PS5 vs Xbox Series X: What We Actually Know So Far
With E3 cancelled, Sony and Microsoft are set to reveal PS5 and Xbox Series X separately — here's what's confirmed and what's still a guess.
E3 2020 is officially off the table thanks to COVID-19, which means the usual circus of stage presentations and crowd reactions isn’t happening this year. Instead, Sony and Microsoft are both expected to hold their own digital reveal events for the PlayStation 5 and Xbox Series X sometime in the coming weeks. No packed conference hall, no live crowd noise — just a stream and whatever they decide to show us. Honestly, I think this could work in their favor. No time constraints, no sharing the stage with other publishers, just a focused pitch for their own hardware.
So what do we actually know, as opposed to what’s been rumored into existence by forum theorizing? Not a ton, but the core stuff is locked in. Both consoles are confirmed for a holiday 2020 launch — so we’re looking at a window that almost certainly means November, based on how console launches have historically been timed. Both companies have also confirmed custom SSDs, which is arguably the more interesting story here compared to raw teraflop numbers. Load times have been the single biggest friction point in gaming for a decade, and if these SSDs deliver on the promise of near-instant loading and more seamless open worlds, that’s a bigger experiential leap than a resolution bump.
On the graphics side, both machines are built around AMD’s RDNA2 architecture for their GPUs. This is notable because it’s the first time in a while that both platform holders are running such closely aligned underlying tech — previous generations had more divergence in GPU architecture and philosophy. RDNA2 is AMD’s next-gen graphics lineup, and having both consoles built on the same GPU family should, in theory, make cross-platform development a bit more symmetrical. Developers won’t have to account for wildly different rendering pipelines the way they sometimes did between PS4 and Xbox One.
What’s still unknown
Pricing. Exact specs like clock speeds, RAM configuration, and final SSD throughput numbers. Launch lineup. Whether backward compatibility will extend meaningfully beyond the current generation. And obviously, the actual look of the hardware itself — we’ve seen dev kit photos and speculative renders, but nothing official from either camp yet.

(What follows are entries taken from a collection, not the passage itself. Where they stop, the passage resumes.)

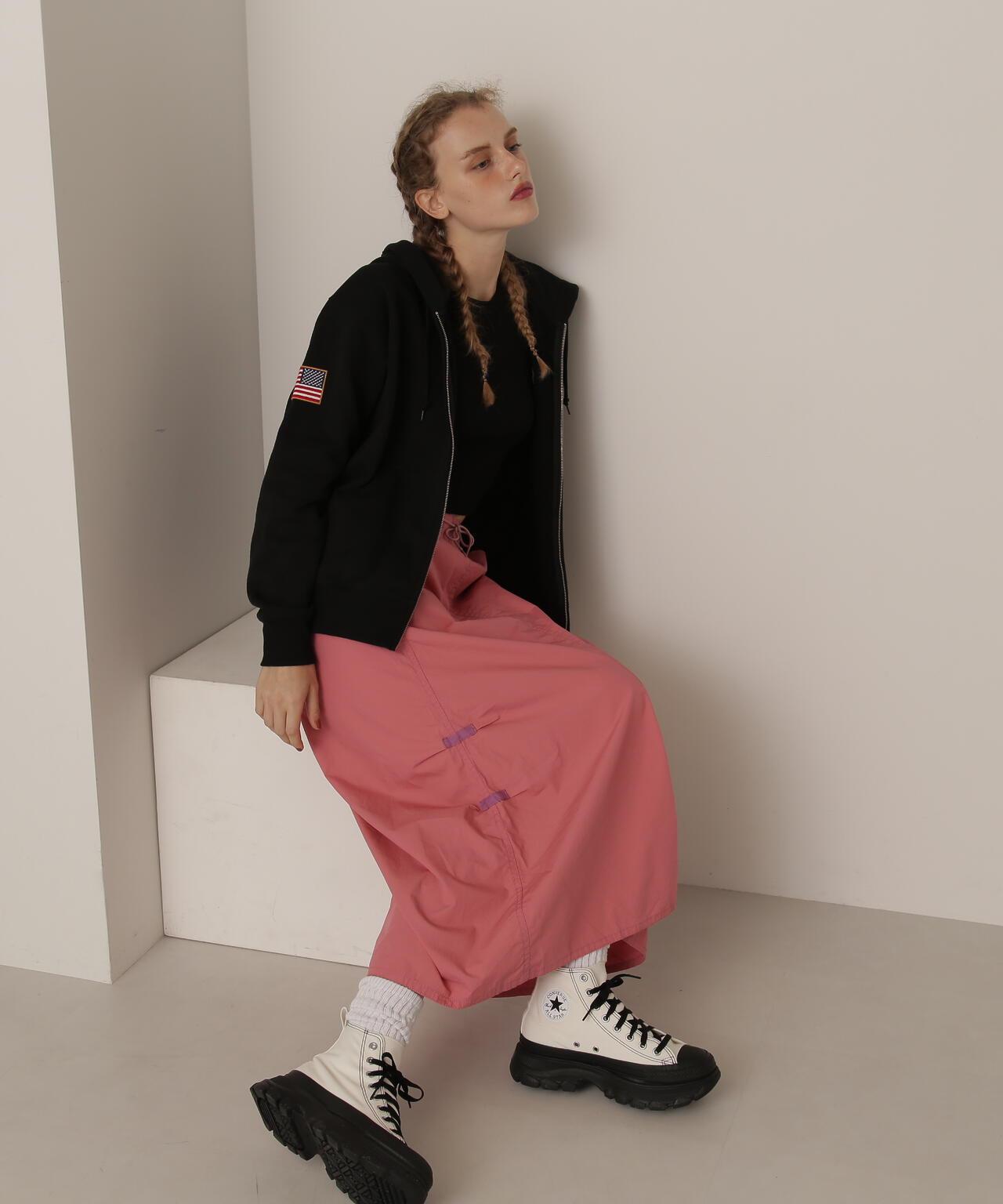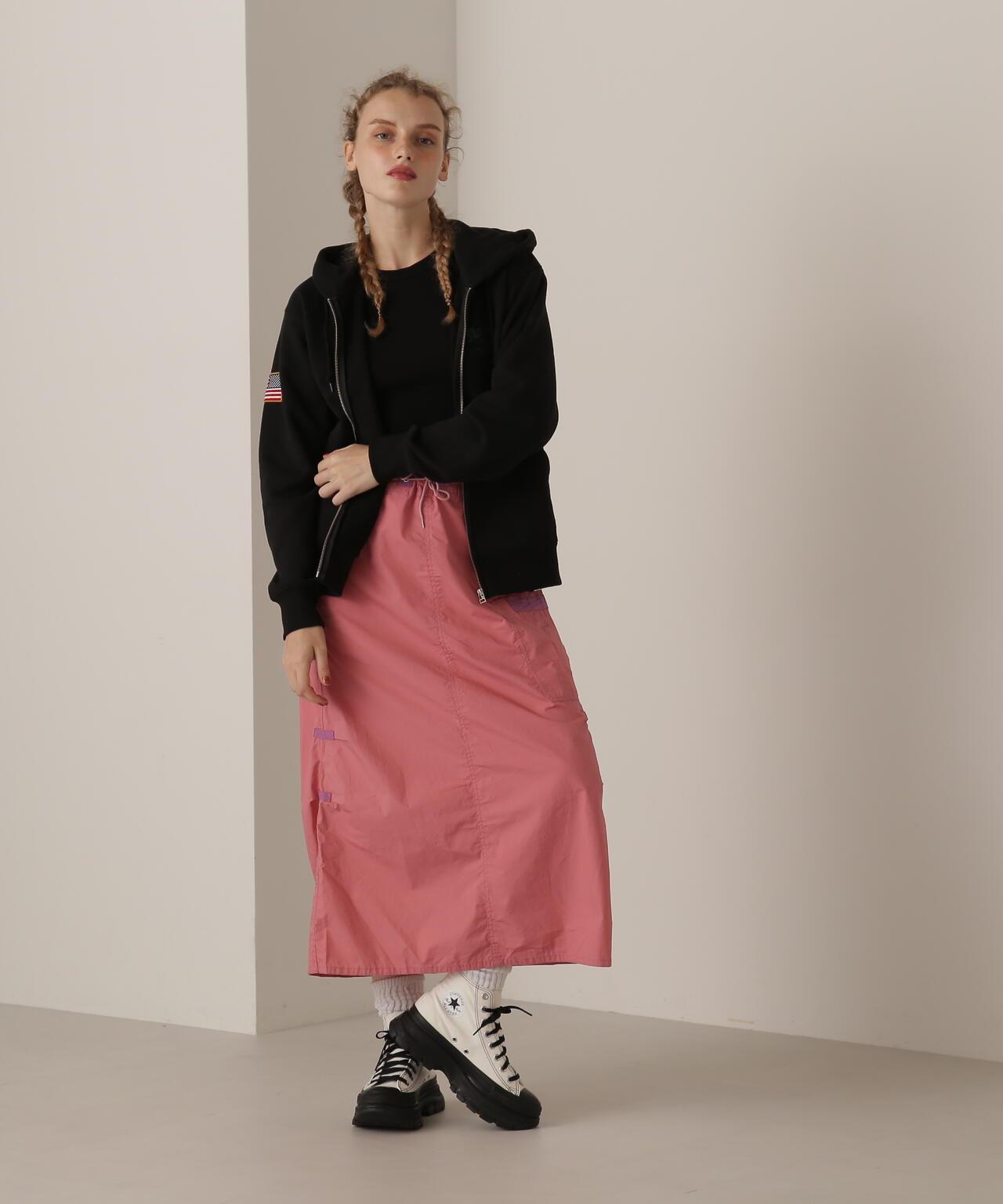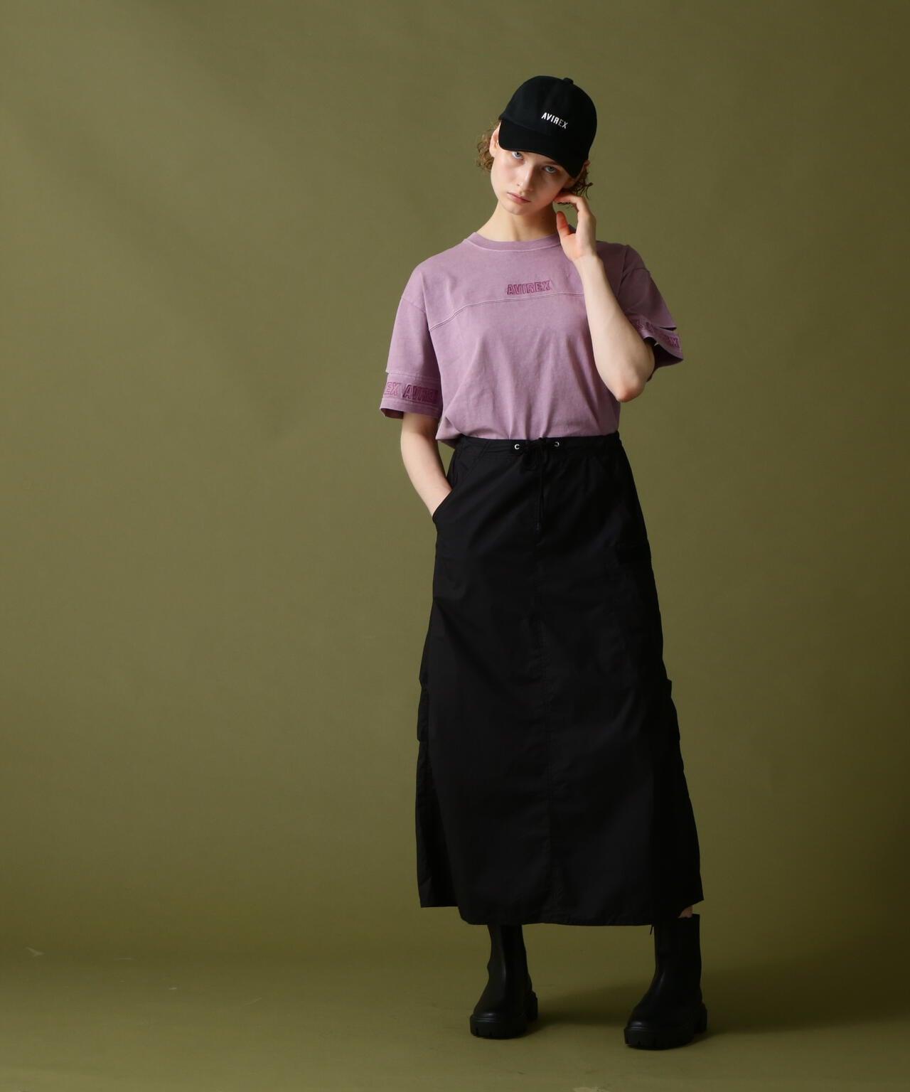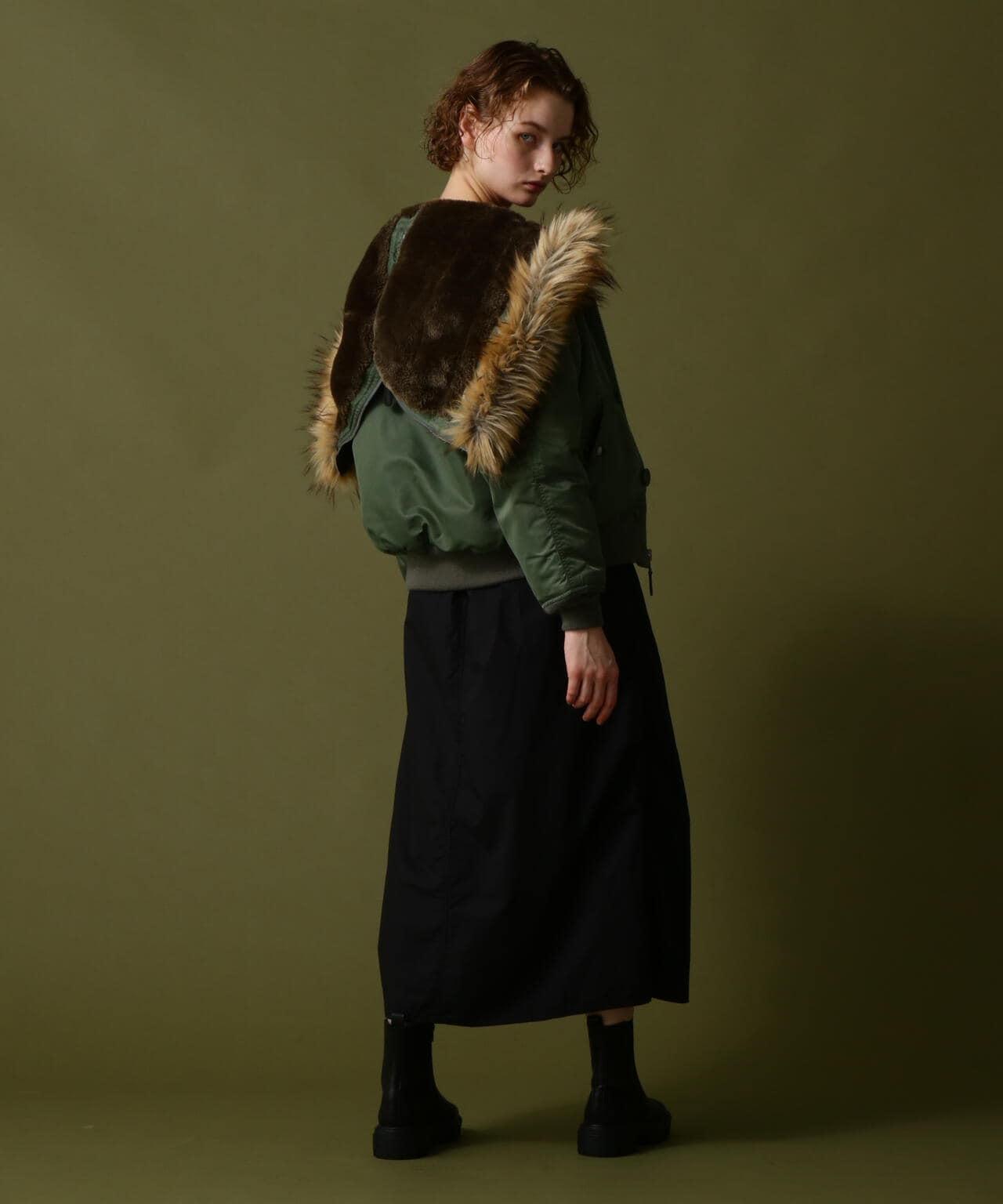 標準單品雪地裙--雪地褲的裙裝版型,大氣十足--兩側收腰設計,略顯 A 字廓形,不會顯得過於臃腫--裙身經過徹底水洗,在表面形成動感--腰部有鬆緊帶和繫帶,可搭配低腰褲穿著裙子的存在感很強,只需搭配一件簡單的 T 恤或背心,就能營造出很好的氛圍。裙子的存在感很強,只需搭配簡單的 T 恤或背心就能營造出很好的氛圍。AVIREX Belle] 將正宗軍裝的功能性和設計感與女式短裙相結合。
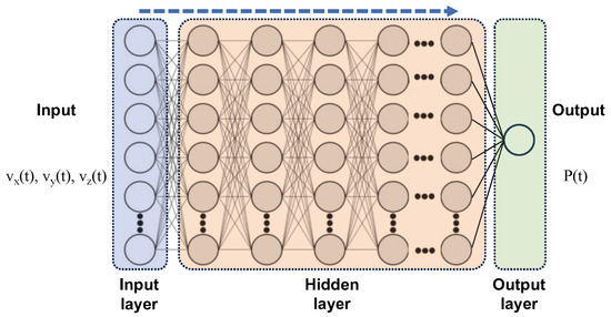 Among machine learning methods, DNN is a data-driven, black box-type modeling technique that makes predictions and classifications based on training data [14,15]. Figure 4 shows the typical structure of DNN to infer with , , and , where the velocities of a UAV are derived from differentiation like in (2). Several hidden layers are situated between the input layer (representing UAV velocity) and the output layer (representing UAV power consumption). As the number of hidden layers increases, the model can capture more complex relationships within the data, enabling more accurate modeling with fewer parameters when compared to traditional data estimation methods. However, as the number of hidden layers increases, the time required for training also grows. Moreover, using an excessively large number of hidden layers can lead to reduced accuracy as the model may become overly complex and prone to overfitting.
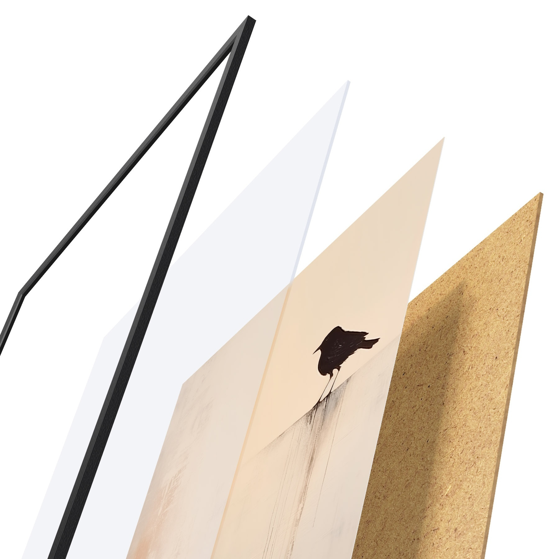 Plakat składa się z ramy, pleksi, wydrukowanego obrazu i podkładu z płyty wiórowej. Plakat można natychmiast zawiesić na ścianie dzięki uchwytom z tyłu.
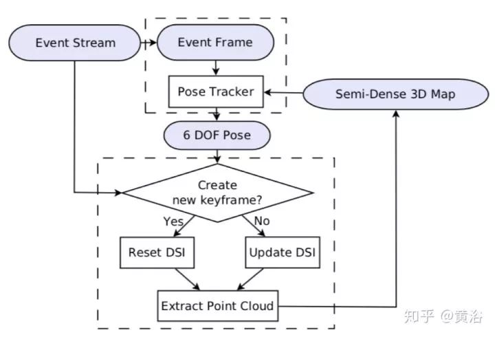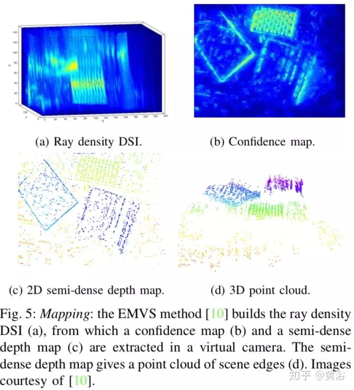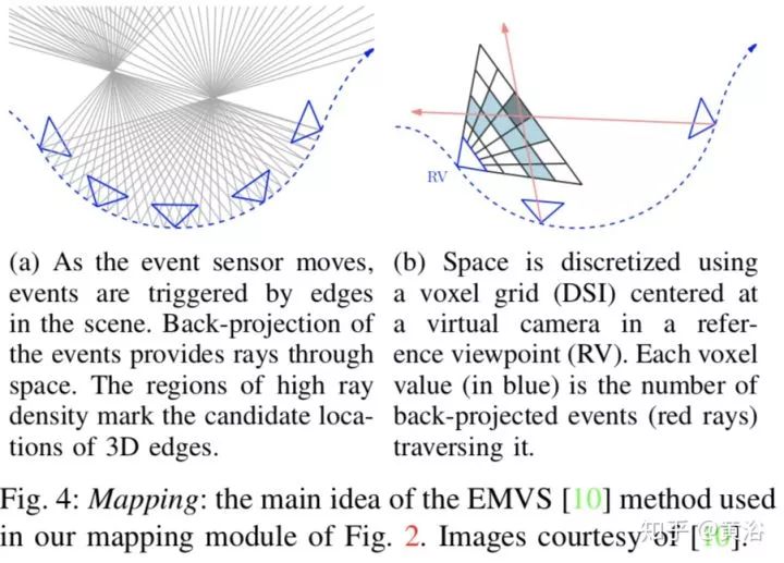 上图为算法流程图。EVO = Event-based Visual Odometry,就是用event cameras (类似Dynamic Vision Sensor)做运动跟踪,上图框架像PTAM。下面两个图是介绍Mapping方法EMVS:

Given how similar the underlying tech is shaping up to be, I suspect this generation’s console war gets decided less on hardware specs and more on exclusives, service ecosystem (Game Pass being a wildcard here), and price point. If Sony and Microsoft land within striking distance of each other on raw power, the differentiators are going to be everything wrapped around the silicon rather than the silicon itself.
I’ll be watching for whichever reveal event drops first. Until then, treat any leaked spec sheet with a healthy dose of skepticism — we’re still in the season where “sources familiar with the matter” outnumbers actual confirmed details by a wide margin.